Chi mai, La batalla de Argel, El trío infernal, La tragedia de un hombre ridículo, ¡Agáchate maldito! o El profesional.

Con ocasión del lanzamiento, llamaron desde Italia para ofrecer al Magazine de El Mundo una entrevista con il maestro. Como por aquel entonces, yo era el crítico musical de dicho dominical, el redactor jefe me la quiso encargar a mí. Aduje ciertas dudas deontológicas (“No debería hacerlo yo, siendo el productor del disco”) y recomendé para el trabajo a mi colega y amigo Alberto Luchini, que había escrito los prolijos textos del libreto interior. La interviú se realizó por fax usando un aparto que yo mismo tenía en casa y Morricone nos respondió de su puño y letra a la media hora. Luchini todavía guarda preciosamente aquellos folios caligrafiados.
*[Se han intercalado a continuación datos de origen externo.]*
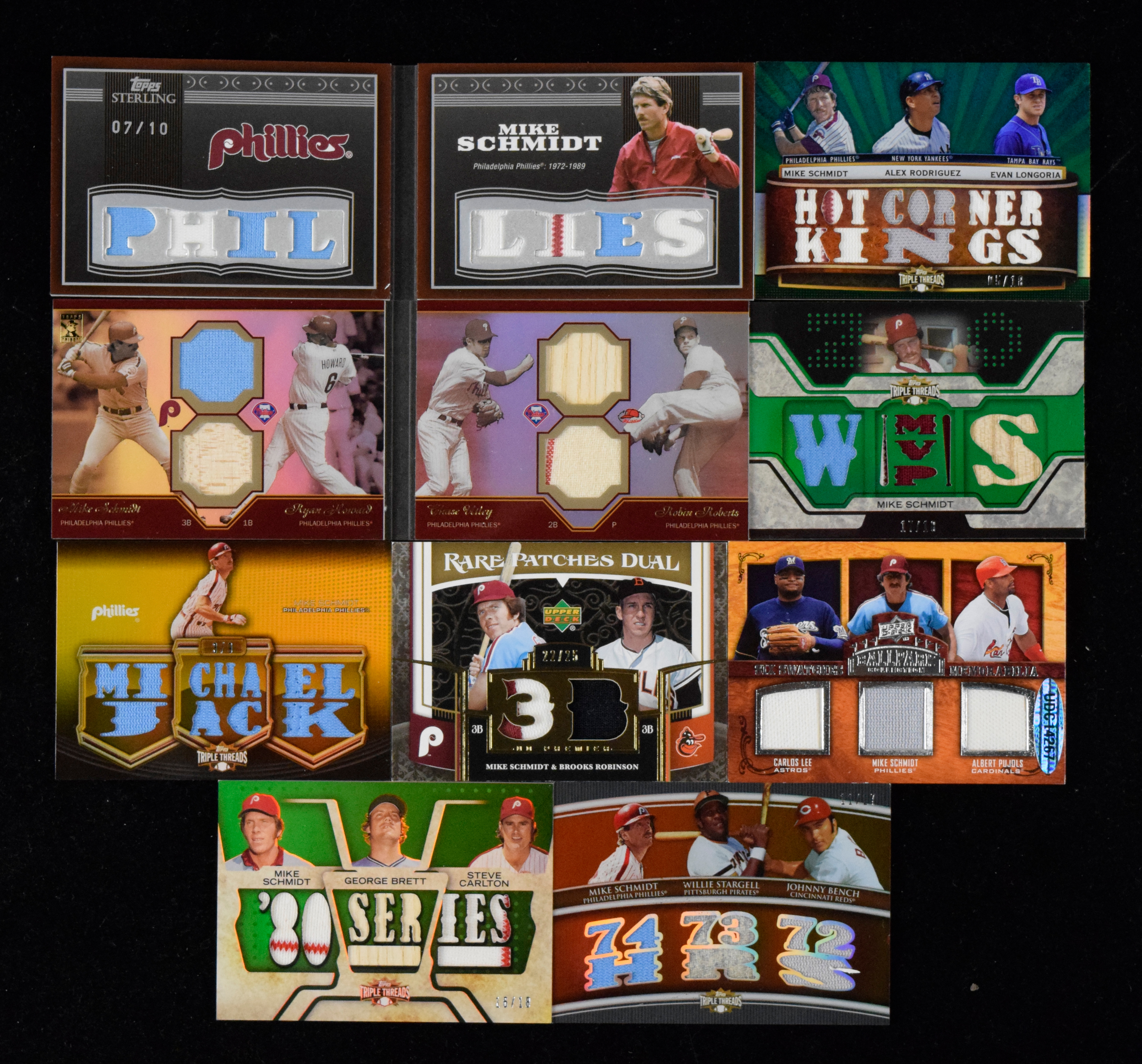 Description:High-end lot of (80) modern Mike Schmidt game-used jersey/bat cards, with Topps Sterling (NM/MT-MT). Very nice lot of modern Mike Schmidt cards, with each featuring a swatch or swatches of game-used memorabilia, including bat and jersey cards, with some with multiple patches, multiple players and most serial-numbered (including to as low as 9). Includes premium brands such as Topps Sterling, Topps Triple Threads, Upper Deck Sweet Spot, Topps Tribute and more. Most appear NM/MT-MT or better.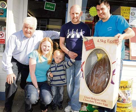 Smiles all around for Cadan Chenoweth, aged three of Delabole, as he collects his giant egg in an Easter draw held at the Delabole Stores which opened in December.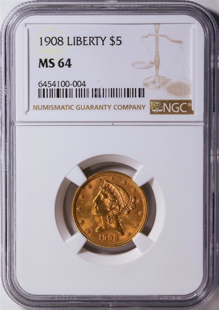 One 1908 $5 Liberty Head Half Eagle Gold Coin NGC MS64.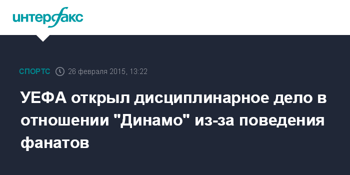 Москва. 26 февраля. INTERFAX.RU - Союз европейских футбольных ассоциаций (УЕФА) открыл дисциплинарное дело в отношении московского "Динамо", говорится в сообщении пресс-службы организации.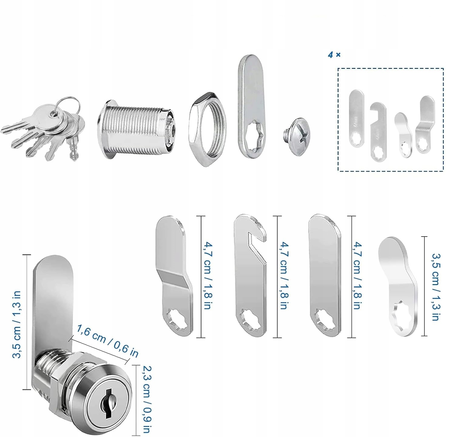 - Універсальне застосування: Замки можна легко встановити в різних місцях, таких як поштові скриньки, шафи, меблі, а також двері, як внутрішні, так і зовнішні.
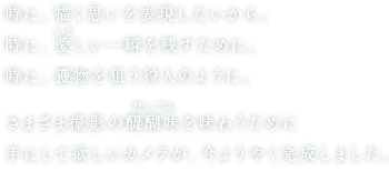 時に、描く思いを表現したいから。時に、愛しい一瞬を残すために。時に、獲物を狙う狩人のように。さまざま撮影の醍醐味を味わうために手にして欲しいカメラが、今ようやく完成しました。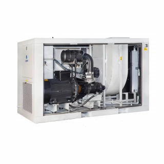 - Корпус оборудован шумоизоляцией и легко открываемыми люками для удобного доступа к компонентам системы. Компрессор обеспечивает низкий уровень шума во время работы и оснащен датчиками давления и температуры на выходе из винтового блока.

Ya no produzco recopilaciones para la industria discográfica, pero he sustituido aquella actividad fascinante por la de hacer compulsivamente listas en Spotify. Tienes la máxima libertad y casi ninguna limitación, ya que no es preciso negociar derechos de autor ni de reproducción. Estos días he estado dando vuelta a una playlist dedicada al difunto Ennio y no he querido abundar en sus obras instrumentales para el cine, sino en su faceta más desconocida de arreglista y compositor de música popular o vanguardista, sólo o en compañía de otros.

Aquí están, para los fans, desde sus colaboraciones con compatriotas como Mario Lanza, Rita Pavone, Mina Mazzini, Luigi Tenco, Gianni Morandi, Ornella Vanoni o Gino Paoli, hasta sus encuentros con estrellas de la chanson como Mireille Mathieu o Françoise Hardy, pasando por incursiones en el jazz (Helen Merrill, Chet Baker) y el pop anglosajón (Paul Anka, Sting, k.d.lang, Pet Shop Boys, Morrissey) o incluso álbumes completos a dúo con la lusitana Dulce Pontes o el rey de la MPB Chico Buarque. Y terminamos con la antología Crime and dissonance, una ocurrencia de Mike Patton (a la sazón cantante del grupo rockero Faith No More) que he conocido gracias a Diego A. Manrique y que nos revela el tremendo cóctel estilístico de nuestro protagonista mezclando (Diego dixit) “rock, jazz, músicas étnicas o psicodelia al servicio de argumentos truculentos”. Que ustedes lo disfruten.